_Action item_. When you reach the line holding "Når du vil skanne", please begin to restate the lines word for word and continue through the last one in the material, excluding pictures.
⟨
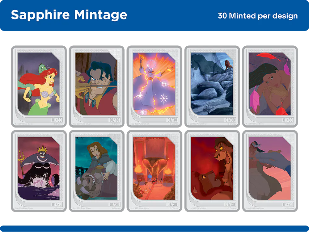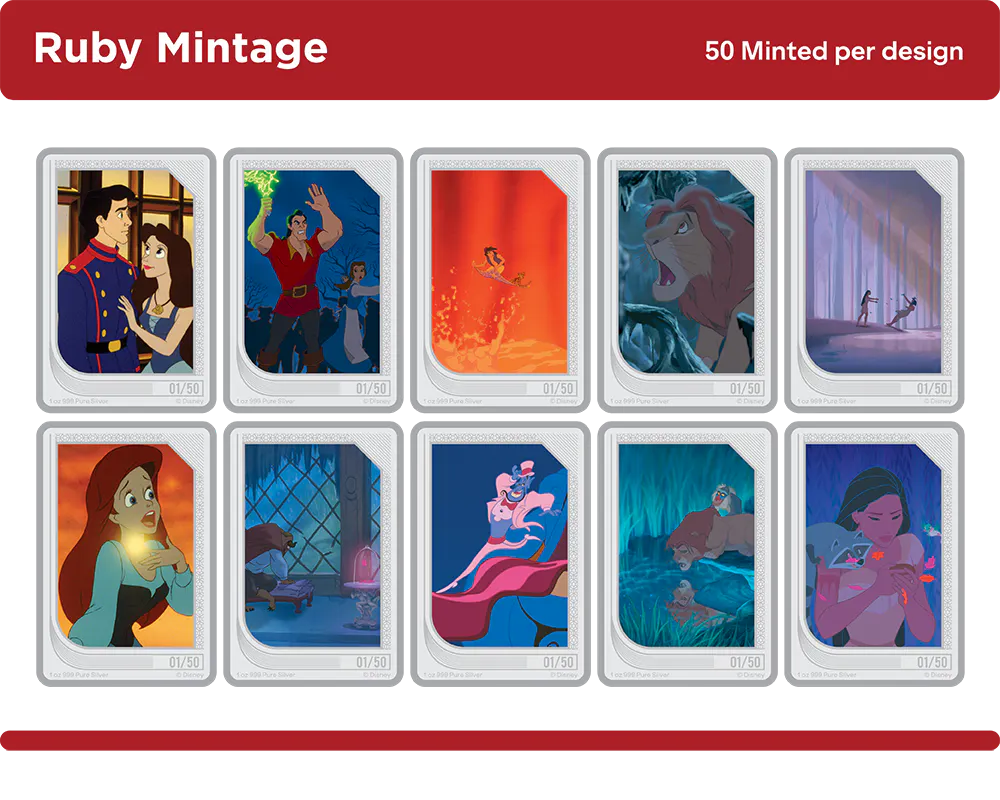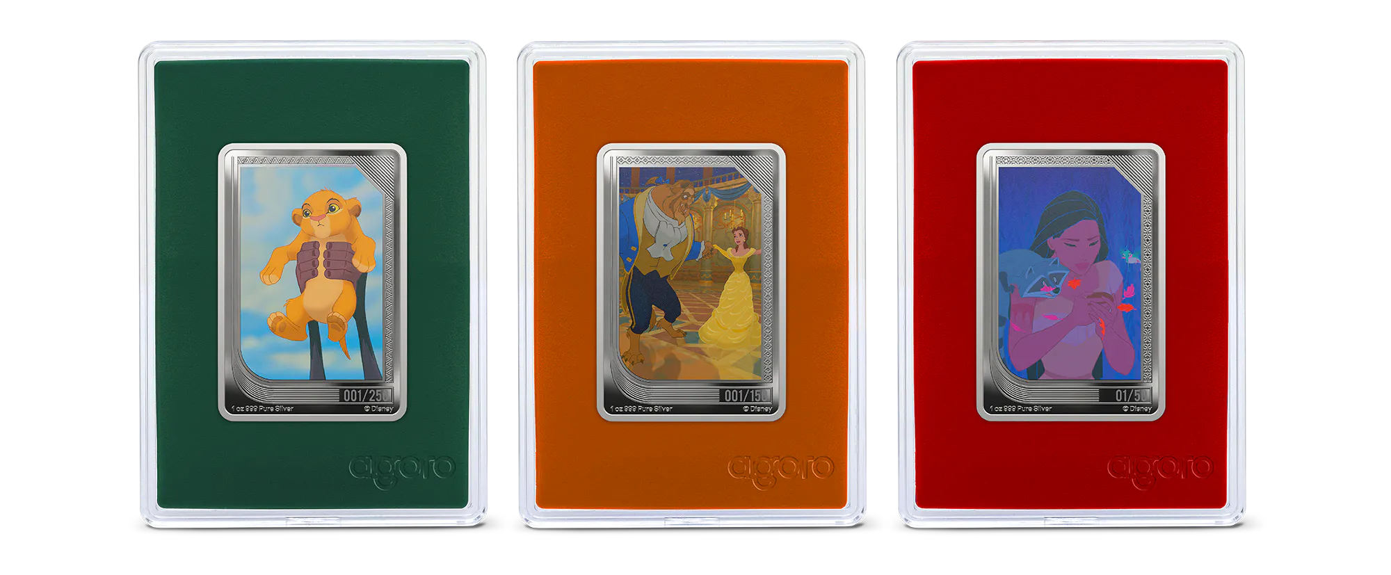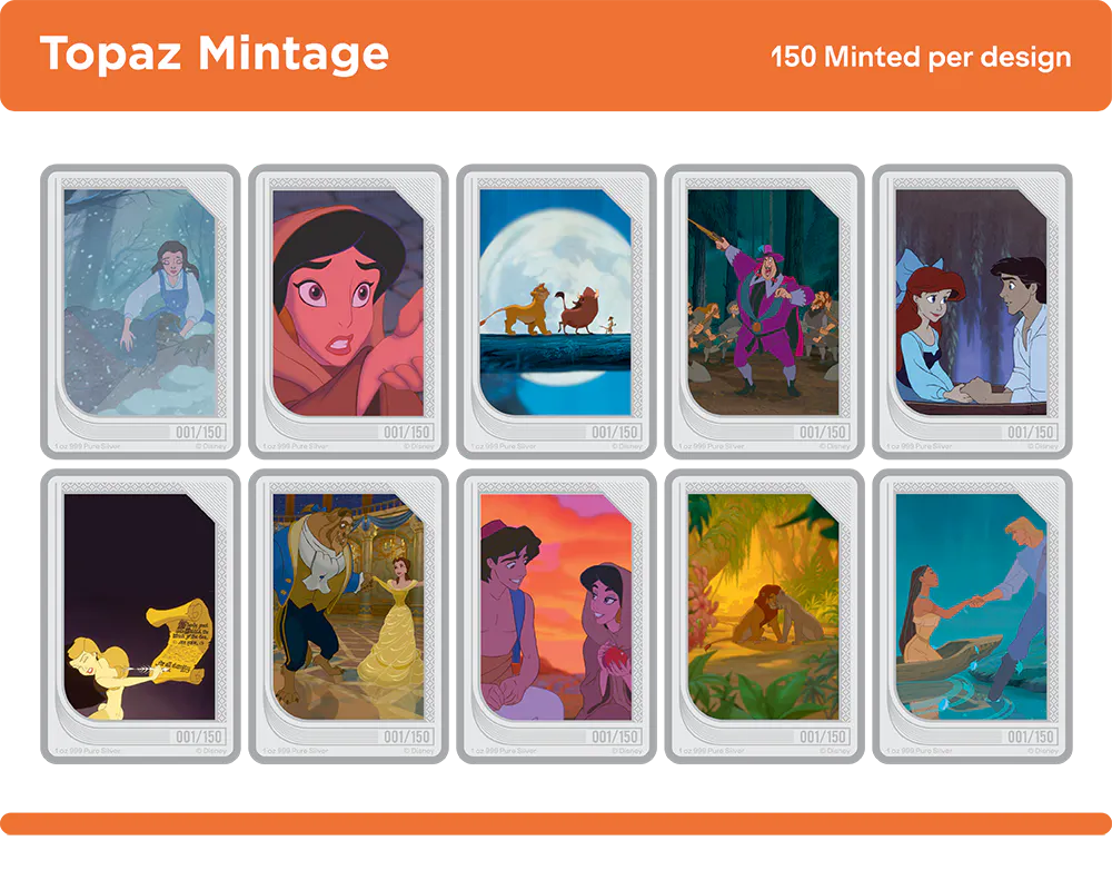 Each coin in the Disney Renaissance Trading Coins collection ranges from 1oz of 999 pure silver, to silver gilded in gold, to ¼oz of solid gold, culminating in the 1oz 9999 pure gold chase.
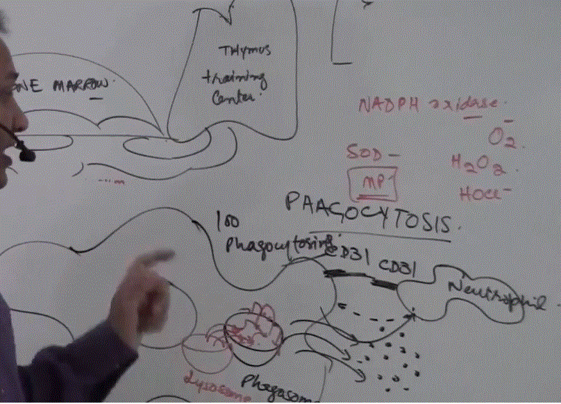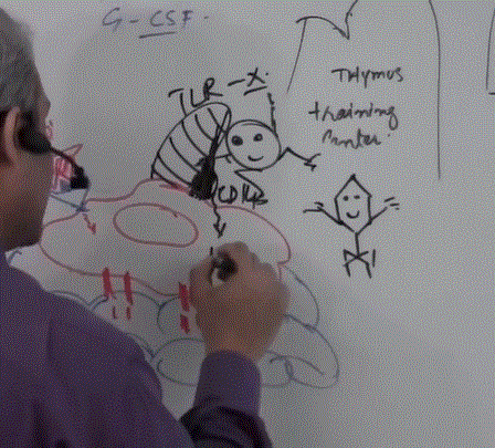 Acts on T0 and converts it to Th1 (which secretes IL2 which activates cytotoxic T cell and IFN gamma which stimulates the macrophage)
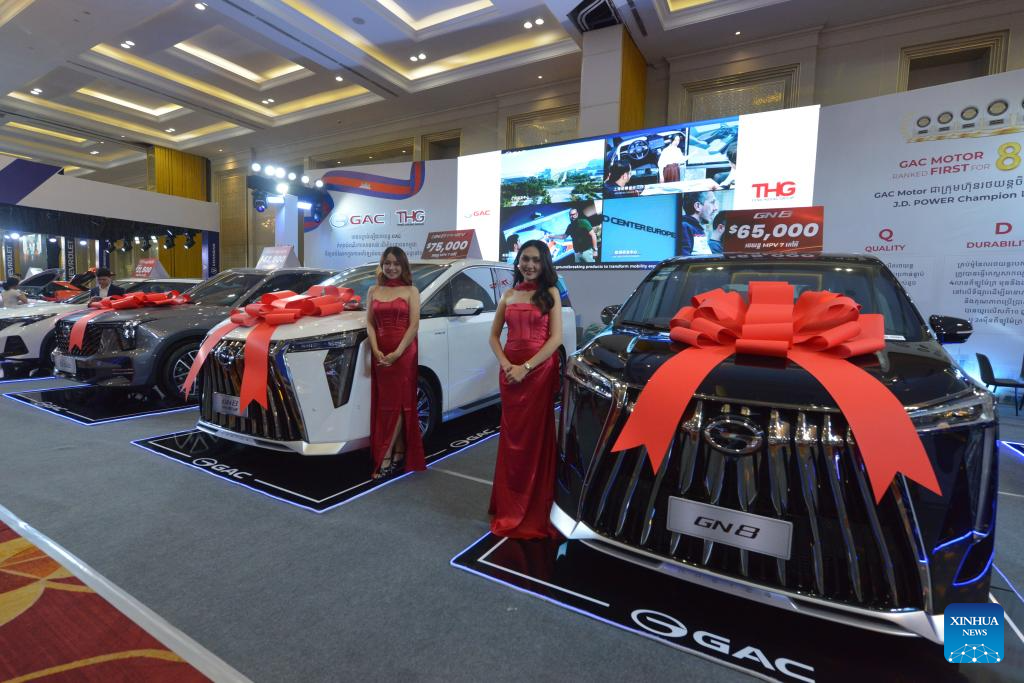 GAC cars are on display at an auto show in Phnom Penh, Cambodia, on March 6, 2026. A number of Chinese auto brands such as BYD, Forthing, Changan, GAC and Jetour were on display at an auto show in the capital of Cambodia on Friday, attracting crowds of visitors. (Photo by Phearum/Xinhua)
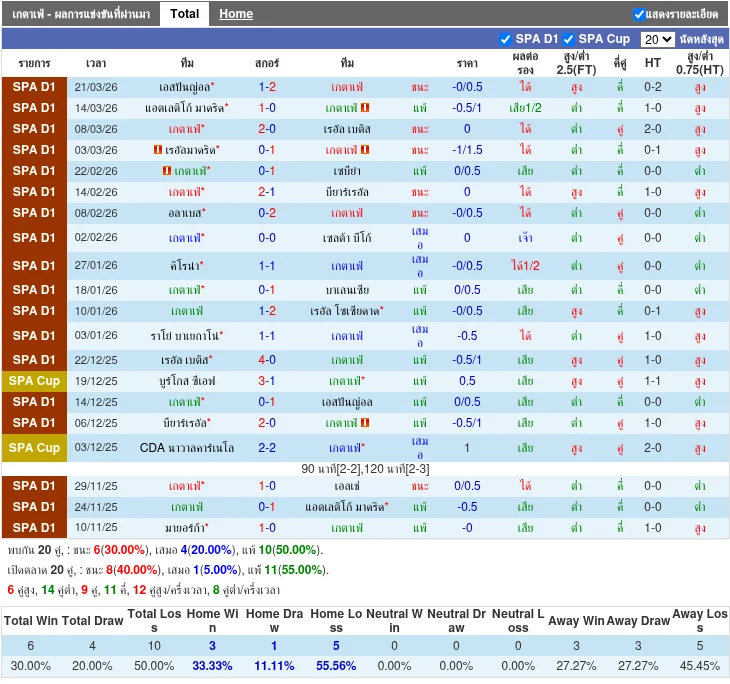 ฟอร์มทีมเหย้า: เกตาเฟ่
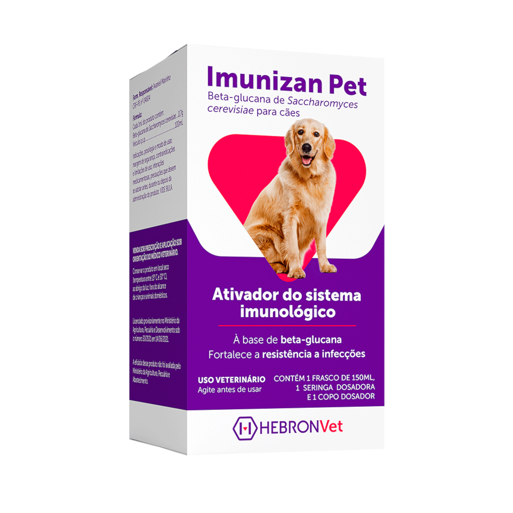 Imunizan Pet é um suplemento imunomodulador à base de beta-glucana de Saccharomyces cerevisiae, indicado para cães. Sua ação estimula o sistema imunológico, ativando macrófagos, promovendo a fagocitose de patógenos e induzindo a liberação de citocinas pró-inflamatórias.
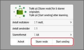 Når du vil skanne flere sider, plasserer du dem på glassplaten og trykker på [Skann neste].
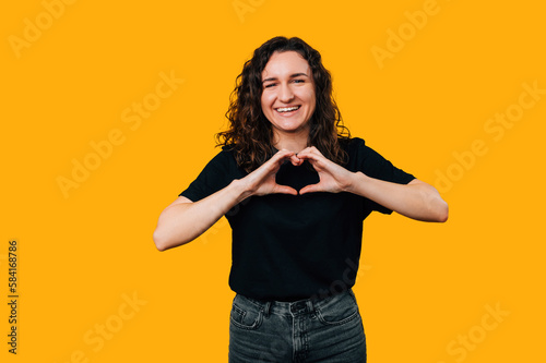 Ecstatic young woman shows love while making heart gesture over her chest.
⟩
_Solved problem_.
 Når du vil skanne flere sider, plasserer du dem på glassplaten og trykker på [Skann neste].
 Ecstatic young woman shows love while making heart gesture over her chest.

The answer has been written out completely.